Табличка эта была подарком – непрошеным и неожиданным. Не успела она отойти от шока в то ненавистное утро – на скамейке, в заброшенном пустом скверике с жиденькими кустиками и традиционной статуей всеми забытого мужчины на всеми забытой лошади, – как тут же разговорилась с Кумико. И как! Они обсудили ненавистных обеим велосипедистов («Самодовольные болваны, – сказала Кумико, нахмурившись, отчего стала еще симпатичнее. – Ведут себя так, словно это мы виноваты, даже если они прутся на красный и сбивают нас с ног!» – «И еще от них воняет, – добавила Аманда. – Они полагают, что раз переоделись в форму, то могут обойтись без душа…» – «А эти их складные железяки! – подхватила Кумико, к вящей радости Аманды. – Они забивают все проходы в электричках и ожидают, что все будут обращаться с ними, как с родными!» – «Да ващще!»); всех этих сборщиков пожертвований с плакатиками в руках, из-за которых глядеть прохожим в глаза на Хай-стрит становится просто опасно («Да они просто выполняют свою работу», – сказала Кумико. «Но они еще совсем юнцы, – отозвалась Аманда. – И скорее всего, какие-нибудь потерявшие работу актеры». – «Ну, слава богу, хоть не приходится видеть их на сцене»); а потом Аманда, набравшись храбрости, даже поведала Кумико, что думает о мемориале «Животные на войне». Характерно, что Кумико о таком и не слышала, и Аманде пришлось объяснить.

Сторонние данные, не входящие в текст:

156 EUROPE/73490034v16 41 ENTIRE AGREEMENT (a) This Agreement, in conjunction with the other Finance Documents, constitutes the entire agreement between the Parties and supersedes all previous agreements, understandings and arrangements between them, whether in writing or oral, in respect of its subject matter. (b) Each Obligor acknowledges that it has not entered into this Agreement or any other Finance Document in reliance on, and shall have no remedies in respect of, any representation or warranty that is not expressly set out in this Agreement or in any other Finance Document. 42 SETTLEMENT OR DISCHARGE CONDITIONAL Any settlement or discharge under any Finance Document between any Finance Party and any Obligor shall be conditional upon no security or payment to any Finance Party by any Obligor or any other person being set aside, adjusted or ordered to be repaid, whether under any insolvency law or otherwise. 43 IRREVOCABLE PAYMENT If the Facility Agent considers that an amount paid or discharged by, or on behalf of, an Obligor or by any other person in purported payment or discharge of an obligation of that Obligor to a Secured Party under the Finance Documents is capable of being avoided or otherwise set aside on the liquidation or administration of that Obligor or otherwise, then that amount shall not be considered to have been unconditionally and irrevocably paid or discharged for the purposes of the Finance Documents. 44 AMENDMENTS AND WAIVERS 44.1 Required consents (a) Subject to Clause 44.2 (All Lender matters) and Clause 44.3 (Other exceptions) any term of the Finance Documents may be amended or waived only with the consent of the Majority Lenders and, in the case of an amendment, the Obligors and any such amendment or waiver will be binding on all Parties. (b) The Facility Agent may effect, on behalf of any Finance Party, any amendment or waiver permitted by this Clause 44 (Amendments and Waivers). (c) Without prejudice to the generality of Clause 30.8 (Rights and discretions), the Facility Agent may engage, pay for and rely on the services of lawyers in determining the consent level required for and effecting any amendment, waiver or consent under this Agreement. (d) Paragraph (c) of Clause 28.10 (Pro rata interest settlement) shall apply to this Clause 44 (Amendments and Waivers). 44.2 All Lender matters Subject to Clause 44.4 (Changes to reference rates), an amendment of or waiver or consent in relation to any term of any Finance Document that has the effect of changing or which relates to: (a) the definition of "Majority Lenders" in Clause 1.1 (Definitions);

– Похоже, кто-то выкидывает на ветер огромные деньги, – сказала Кумико.

Аманда чуть не закричала от радости.

А потом – слишком скоро – обеденный перерыв подошел к концу. Голодной, но, как ни странно, довольной Аманде пора было возвращаться в контору, и тут Кумико сказала:

– У меня для тебя кое-что есть.

– Это можно съесть? – уточнила Аманда, тоскуя по своим «погибшим» кофе и сэндвичу.

Разделить рис и рыбу Кумико она отказалась и уже начинала горько о том сожалеть.

– В принципе, можно и съесть, – улыбнулась Кумико и открыла свой саквояжик. – Но потом, боюсь, придется долго чистить зубы нитью.

И она вручила Аманде табличку.

– Я не могу это принять, – проговорила остолбеневшая Аманда. – Нет, правда, никак не могу.

– Тебе нравится? – застенчиво спросила Кумико.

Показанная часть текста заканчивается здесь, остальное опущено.